When you tell it to expand with

mfsadd

it might say something about a partition being over 1.1 or 1.2 TBs, that's okay, go ahead and tell it to do it as long as you're running version 11.0h or newer of the TiVo operating system (current most recent S3 version is 11.0m)

If you run

mfsinfo

on the old internal before doing the backup, it should show the version number so you can be sure it's new enough.


----------



## stinga (Nov 12, 2004)

Thank you very much for your help and guidance! I'll post an update in the next day or so.


----------



## stinga (Nov 12, 2004)

Continued error trying to run Diag tools.

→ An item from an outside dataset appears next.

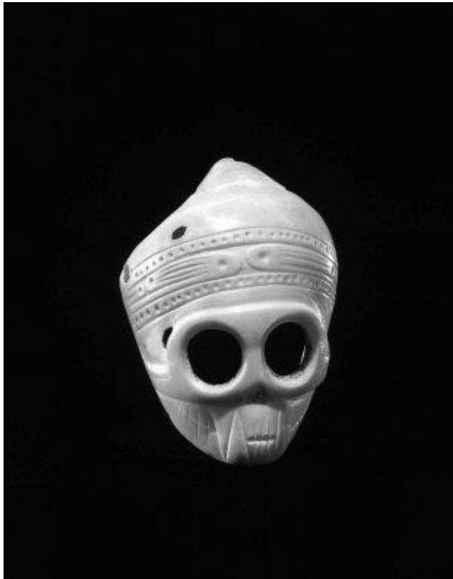
Figure 9. Shell maskette of Taíno canine god, Antigua (A.D. 500-1500), carved Strombus shell, ht. 7.5 cm (3").

dogs (n=22) from a single site in the Caribbean, from Sorcé, Puerto Rico, indicated the presence of a medium-sized dog, relatively uniform in size (Wing 1991), and similar to the Taíno aon or Mesoamerican techichi . Based on colonial documents and early explorers' accounts, these dogs were of various coat colors and hair textures. The mean height of the Sorcé dogs was 42.7 cm at the withers (shoulder height), mean weight was 9.26-9.74 kg (about 20.4-21.4 lbs), and a number of interesting dental abnormalities were present (Wing 1991). For example, the first lower premolar (P 1 ) appears to have been congenitally missing in 64% of the dogs, the third lower molar (M 3 )

"DLGDiag for Windows has stopped Working"

I'm running as an administrator, have tried various compatibility modes, and even changed out SATA ports on motherboard. WinMFS does see it however.


----------



## stinga (Nov 12, 2004)

Got it working in another PC...... Quick test ran just fine and am now 1/3 through the extended.


----------



## stinga (Nov 12, 2004)

Extended test work out just fine.... no issues

I divorced the external drive without issues as well. All recordings were lost as expected.


----------



## stinga (Nov 12, 2004)

Backup took less than 2 minutes - 267,844kb

On to the restore...


----------



## stinga (Nov 12, 2004)

Restore took just as long.... less than two minutes. Installed the new drive, powered it up and all is working perfectly. 

Thank you to all that helped!
-Bruce


----------